Collection entries

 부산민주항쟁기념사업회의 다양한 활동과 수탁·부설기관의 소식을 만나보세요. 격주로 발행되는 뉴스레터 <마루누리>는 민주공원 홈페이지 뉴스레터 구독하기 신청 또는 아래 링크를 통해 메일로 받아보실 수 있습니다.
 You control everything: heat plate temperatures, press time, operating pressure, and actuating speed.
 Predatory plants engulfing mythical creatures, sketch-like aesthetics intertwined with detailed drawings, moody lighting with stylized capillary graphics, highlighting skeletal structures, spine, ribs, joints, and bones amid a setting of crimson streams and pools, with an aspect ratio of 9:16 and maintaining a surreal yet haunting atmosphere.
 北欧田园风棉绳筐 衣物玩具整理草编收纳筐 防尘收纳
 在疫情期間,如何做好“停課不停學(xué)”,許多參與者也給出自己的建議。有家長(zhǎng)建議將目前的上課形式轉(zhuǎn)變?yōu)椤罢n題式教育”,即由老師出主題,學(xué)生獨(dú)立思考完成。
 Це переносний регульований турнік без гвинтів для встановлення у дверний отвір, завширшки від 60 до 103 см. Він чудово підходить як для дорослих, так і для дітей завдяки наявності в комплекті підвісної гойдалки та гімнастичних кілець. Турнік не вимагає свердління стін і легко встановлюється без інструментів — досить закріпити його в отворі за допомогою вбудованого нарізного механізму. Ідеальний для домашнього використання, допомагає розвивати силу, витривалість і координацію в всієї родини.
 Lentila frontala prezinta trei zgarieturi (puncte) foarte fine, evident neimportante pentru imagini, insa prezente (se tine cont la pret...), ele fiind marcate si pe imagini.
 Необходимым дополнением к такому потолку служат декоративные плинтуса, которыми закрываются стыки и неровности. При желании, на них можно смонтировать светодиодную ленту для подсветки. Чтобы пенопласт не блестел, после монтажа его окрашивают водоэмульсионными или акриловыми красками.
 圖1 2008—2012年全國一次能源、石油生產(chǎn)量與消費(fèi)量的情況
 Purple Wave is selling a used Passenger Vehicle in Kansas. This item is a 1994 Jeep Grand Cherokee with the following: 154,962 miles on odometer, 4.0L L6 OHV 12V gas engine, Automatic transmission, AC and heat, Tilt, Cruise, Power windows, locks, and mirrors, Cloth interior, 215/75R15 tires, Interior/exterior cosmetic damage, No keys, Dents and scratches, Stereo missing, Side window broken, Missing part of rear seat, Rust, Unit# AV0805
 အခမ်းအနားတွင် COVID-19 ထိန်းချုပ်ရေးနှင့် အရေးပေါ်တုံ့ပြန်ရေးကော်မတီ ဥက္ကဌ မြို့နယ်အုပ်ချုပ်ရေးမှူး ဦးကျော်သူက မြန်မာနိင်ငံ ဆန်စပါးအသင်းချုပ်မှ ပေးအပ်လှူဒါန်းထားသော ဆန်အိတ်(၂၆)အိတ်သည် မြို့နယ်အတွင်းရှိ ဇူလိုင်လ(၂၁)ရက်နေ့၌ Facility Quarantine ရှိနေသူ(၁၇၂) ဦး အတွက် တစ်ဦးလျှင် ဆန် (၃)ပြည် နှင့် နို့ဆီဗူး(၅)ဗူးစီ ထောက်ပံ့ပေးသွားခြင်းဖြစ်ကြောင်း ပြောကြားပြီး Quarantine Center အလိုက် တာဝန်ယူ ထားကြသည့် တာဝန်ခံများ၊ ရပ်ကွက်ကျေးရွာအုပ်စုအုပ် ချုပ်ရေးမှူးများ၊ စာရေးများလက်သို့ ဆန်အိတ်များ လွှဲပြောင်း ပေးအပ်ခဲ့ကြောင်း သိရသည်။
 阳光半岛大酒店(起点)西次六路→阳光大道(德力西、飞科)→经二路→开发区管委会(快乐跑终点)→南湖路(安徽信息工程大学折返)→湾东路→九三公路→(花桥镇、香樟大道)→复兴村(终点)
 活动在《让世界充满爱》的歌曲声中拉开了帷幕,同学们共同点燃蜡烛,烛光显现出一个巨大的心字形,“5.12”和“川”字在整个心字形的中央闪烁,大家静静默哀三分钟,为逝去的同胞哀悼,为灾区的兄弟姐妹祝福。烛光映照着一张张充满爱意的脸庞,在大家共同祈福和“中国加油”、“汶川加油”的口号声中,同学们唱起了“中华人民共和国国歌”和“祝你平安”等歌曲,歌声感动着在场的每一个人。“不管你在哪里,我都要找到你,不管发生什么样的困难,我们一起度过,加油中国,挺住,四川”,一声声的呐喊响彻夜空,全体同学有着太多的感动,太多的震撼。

■ Brief ■
Each entry needs to be copied out exactly.

■ Written solution ■
 부산민주항쟁기념사업회의 다양한 활동과 수탁·부설기관의 소식을 만나보세요. 격주로 발행되는 뉴스레터 <마루누리>는 민주공원 홈페이지 뉴스레터 구독하기 신청 또는 아래 링크를 통해 메일로 받아보실 수 있습니다.
 You control everything: heat plate temperatures, press time, operating pressure, and actuating speed.
 Predatory plants engulfing mythical creatures, sketch-like aesthetics intertwined with detailed drawings, moody lighting with stylized capillary graphics, highlighting skeletal structures, spine, ribs, joints, and bones amid a setting of crimson streams and pools, with an aspect ratio of 9:16 and maintaining a surreal yet haunting atmosphere.
 北欧田园风棉绳筐 衣物玩具整理草编收纳筐 防尘收纳
 在疫情期間,如何做好“停課不停學(xué)”,許多參與者也給出自己的建議。有家長(zhǎng)建議將目前的上課形式轉(zhuǎn)變?yōu)椤罢n題式教育”,即由老師出主題,學(xué)生獨(dú)立思考完成。
 Це переносний регульований турнік без гвинтів для встановлення у дверний отвір, завширшки від 60 до 103 см. Він чудово підходить як для дорослих, так і для дітей завдяки наявності в комплекті підвісної гойдалки та гімнастичних кілець. Турнік не вимагає свердління стін і легко встановлюється без інструментів — досить закріпити його в отворі за допомогою вбудованого нарізного механізму. Ідеальний для домашнього використання, допомагає розвивати силу, витривалість і координацію в всієї родини.
 Lentila frontala prezinta trei zgarieturi (puncte) foarte fine, evident neimportante pentru imagini, insa prezente (se tine cont la pret...), ele fiind marcate si pe imagini.
 Необходимым дополнением к такому потолку служат декоративные плинтуса, которыми закрываются стыки и неровности. При желании, на них можно смонтировать светодиодную ленту для подсветки. Чтобы пенопласт не блестел, после монтажа его окрашивают водоэмульсионными или акриловыми красками.
 圖1 2008—2012年全國一次能源、石油生產(chǎn)量與消費(fèi)量的情況
 Purple Wave is selling a used Passenger Vehicle in Kansas. This item is a 1994 Jeep Grand Cherokee with the following: 154,962 miles on odometer, 4.0L L6 OHV 12V gas engine, Automatic transmission, AC and heat, Tilt, Cruise, Power windows, locks, and mirrors, Cloth interior, 215/75R15 tires, Interior/exterior cosmetic damage, No keys, Dents and scratches, Stereo missing, Side window broken, Missing part of rear seat, Rust, Unit# AV0805
 အခမ်းအနားတွင် COVID-19 ထိန်းချုပ်ရေးနှင့် အရေးပေါ်တုံ့ပြန်ရေးကော်မတီ ဥက္ကဌ မြို့နယ်အုပ်ချုပ်ရေးမှူး ဦးကျော်သူက မြန်မာနိင်ငံ ဆန်စပါးအသင်းချုပ်မှ ပေးအပ်လှူဒါန်းထားသော ဆန်အိတ်(၂၆)အိတ်သည် မြို့နယ်အတွင်းရှိ ဇူလိုင်လ(၂၁)ရက်နေ့၌ Facility Quarantine ရှိနေသူ(၁၇၂) ဦး အတွက် တစ်ဦးလျှင် ဆန် (၃)ပြည် နှင့် နို့ဆီဗူး(၅)ဗူးစီ ထောက်ပံ့ပေးသွားခြင်းဖြစ်ကြောင်း ပြောကြားပြီး Quarantine Center အလိုက် တာဝန်ယူ ထားကြသည့် တာဝန်ခံများ၊ ရပ်ကွက်ကျေးရွာအုပ်စုအုပ် ချုပ်ရေးမှူးများ၊ စာရေးများလက်သို့ ဆန်အိတ်များ လွှဲပြောင်း ပေးအပ်ခဲ့ကြောင်း သိရသည်။
 阳光半岛大酒店(起点)西次六路→阳光大道(德力西、飞科)→经二路→开发区管委会(快乐跑终点)→南湖路(安徽信息工程大学折返)→湾东路→九三公路→(花桥镇、香樟大道)→复兴村(终点)
 活动在《让世界充满爱》的歌曲声中拉开了帷幕,同学们共同点燃蜡烛,烛光显现出一个巨大的心字形,“5.12”和“川”字在整个心字形的中央闪烁,大家静静默哀三分钟,为逝去的同胞哀悼,为灾区的兄弟姐妹祝福。烛光映照着一张张充满爱意的脸庞,在大家共同祈福和“中国加油”、“汶川加油”的口号声中,同学们唱起了“中华人民共和国国歌”和“祝你平安”等歌曲,歌声感动着在场的每一个人。“不管你在哪里,我都要找到你,不管发生什么样的困难,我们一起度过,加油中国,挺住,四川”,一声声的呐喊响彻夜空,全体同学有着太多的感动,太多的震撼。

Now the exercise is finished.